Even with plenty of recent bad news from Gaza, events in the territory on Friday were particularly shocking: Hamas, the militant party that controls the Gaza Strip, dragged seven suspected Israeli collaborators behind a mosque and shot them, execution-style, in public.
Eleven more suspected spies were secretly killed by a firing squd.
The executions came after three top Hamas commanders were killed by an Israeli airstrike this week. The three men — Mohammed Abu Shamaleh, Mohammed Barhoum and Raed al-Attar — traveled covertly, often underground, with very few people knowing their whereabouts. Losing them "was a huge embarrassment for Hamas,” says reporter Daniel Estrin in Jerusalem. “And it demonstrated just how deep the Israeli intelligence has penetrated this organization.”
There's even suspicion that Israel has a mole inside Hamas, Estrin says. But if information was passed to Israel, no one yet knows who did the passing.
“We don’t have any idea who these people are,” he says. “They could have been people already in Hamas jails who were suspected of spying for Israel and just brought out and killed." They might also have been members of the rival Fatah party who have been captured and tortured in the past.
Hamas says they aren't announcing the names of the people they executed in order to protect their families from retribution. But Estrin thinks the identities are less important than the message Hamas is putting out: You can't escape punishment for helping Israel.
Israel relies on Palestinian informants on the ground in Gaza, though no one knows just how deep or wide the informant network goes. Estrin says one of his sources did talk with him about the network, albeit cryptically. But Estrin could infer from the informant’s words that there are fewer informants in Gaza than the number of so-called informants executed by Hamas during the war.

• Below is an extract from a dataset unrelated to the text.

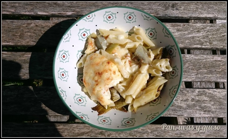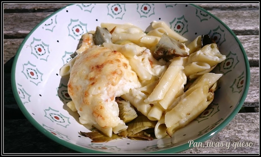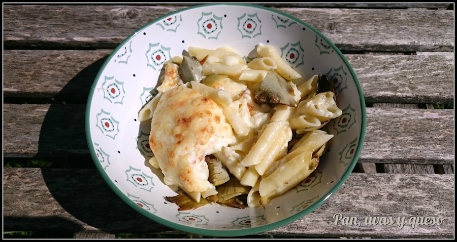 Después de probar las alcachofas confitadas en ensalada aún me sobraban 2, así que decidí prepararlas con pasta. Y para napar, una deliciosa bechamel, logrando una combinación de sabores exquisita.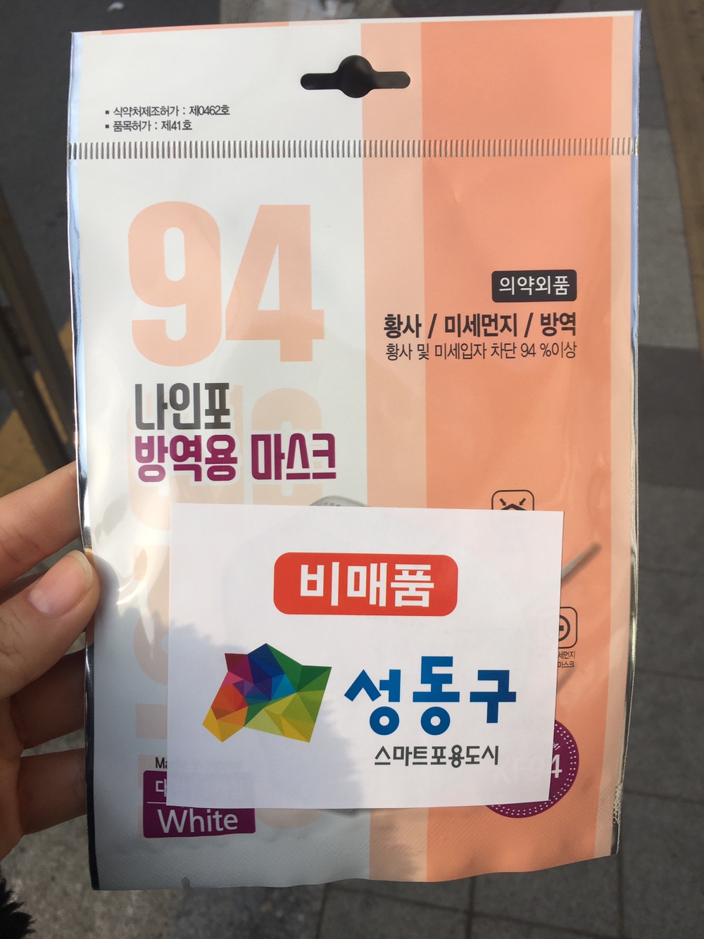다행히 성동구청에서 성수동 주민들께 매일 마스크 한 장식을 무료로 나눠준다는 소식을 들었어요

The low number is due to the difficulty of recruiting people in Gaza: The place is pretty much sealed off. With no Israeli presence in the area, Israel can't do much recruiting, and would-be informants can't get in touch with potential handlers.
It’s still uncertain what the deaths of Hamas leaders might do to the organization's fighting force. Plenty of rockets were fired at Israel on Friday, including one that killed a 4-year-old Israeli boy. But Estrin says some analysts in Israel think it will be difficult for Hamas to find and train good replacements for these top commanders.
Between the loss of top officers and the prospect of Israel intelligence coups, Estrin says, the news "really has Hamas jittery right now."